Being old is about keeping up, an ironic fact because being young is about catching up. We drop out of the chute and a doctor or a nurse practitioner or a midwife whacks us into consciousness, and we immediately begin screaming for what everyone else who arrived before us already has: food, fun, education, career, comfort, maybe even satisfaction over the long arc. We strive throughout youth to be capable of self-sustenance, however meekly or grandly each of us defines that state. We study, we work, we take risks, we fail, we love, we marry, we procreate, we divorce, we celebrate, and we suffer – all to have what we didn’t have at birth. Even as adults, many of us continue. We lust for fancier cars, bigger houses (or second ones or third ones), loftier titles. Others, less material but no less ambitious, reach for personal or social pinnacles. We are working on ourselves, we like to say. If I could just …

We do all that until we can’t. At that moment, we shift from catching up to keeping up.

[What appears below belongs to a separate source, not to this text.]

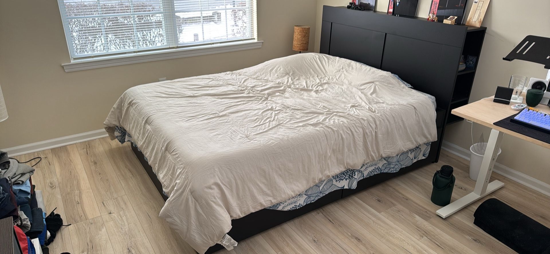Bedframe and mattress ONLY. Ikea BRIMNES Bed frame with storage & headboard, black/Luröy, Queen - $350 Mattress Firm Memory foam queen size mattress - $300

The past lengthens and the future shortens. A new twenty-year roof on the house seems  unreasonable when the sell-by date on the body is five years off – or less. Physical aches increase, as do emotional ones. Old wounds once thought healed reopen, reminders that the past is inescapable. People go missing, either gone for good or absent because they simply can no longer feign interest in being with us. What once was sensible, even essential – repairing a fence, sweeping the walk, starting the car – fades into an indulgence remaindered for days when energy is high and spirits are strong, moments that lessen as the calendar advances. What matters a flat tire when there is a tumor to be dealt with? Who cares about a messy front yard when there is soul that needs mending? Why do today what you can put off until a tomorrow that might not come?

I saw the woman with the broom one more time, again as I drove by. She swept in small motions with short strokes, the bristle moving only a few inches. She is never going to clean that driveway or move that car or fix that fence. She is just trying to keep up.